Each line of the entries that mentions the string "with" needs to be reported.

**** Record extracts

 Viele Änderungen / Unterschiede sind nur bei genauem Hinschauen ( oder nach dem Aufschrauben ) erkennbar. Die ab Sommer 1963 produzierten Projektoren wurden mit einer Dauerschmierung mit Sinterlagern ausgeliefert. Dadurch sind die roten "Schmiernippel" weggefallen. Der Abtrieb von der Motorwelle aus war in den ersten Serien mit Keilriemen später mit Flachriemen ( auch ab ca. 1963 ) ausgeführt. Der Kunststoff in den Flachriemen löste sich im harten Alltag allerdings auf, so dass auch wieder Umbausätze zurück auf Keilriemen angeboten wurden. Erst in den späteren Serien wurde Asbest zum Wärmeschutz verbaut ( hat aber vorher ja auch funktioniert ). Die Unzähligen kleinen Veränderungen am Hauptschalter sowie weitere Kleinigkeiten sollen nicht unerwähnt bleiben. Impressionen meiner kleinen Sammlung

********
**** Record extracts

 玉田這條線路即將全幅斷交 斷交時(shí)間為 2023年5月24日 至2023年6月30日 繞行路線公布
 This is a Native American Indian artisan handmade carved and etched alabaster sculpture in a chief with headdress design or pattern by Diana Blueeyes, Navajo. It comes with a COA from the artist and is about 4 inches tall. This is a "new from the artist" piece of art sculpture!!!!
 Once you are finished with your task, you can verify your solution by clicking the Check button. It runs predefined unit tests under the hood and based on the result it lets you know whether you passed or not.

********

• Response:
 This is a Native American Indian artisan handmade carved and etched alabaster sculpture in a chief with headdress design or pattern by Diana Blueeyes, Navajo. It comes with a COA from the artist and is about 4 inches tall. This is a "new from the artist" piece of art sculpture!!!!
 Once you are finished with your task, you can verify your solution by clicking the Check button. It runs predefined unit tests under the hood and based on the result it lets you know whether you passed or not.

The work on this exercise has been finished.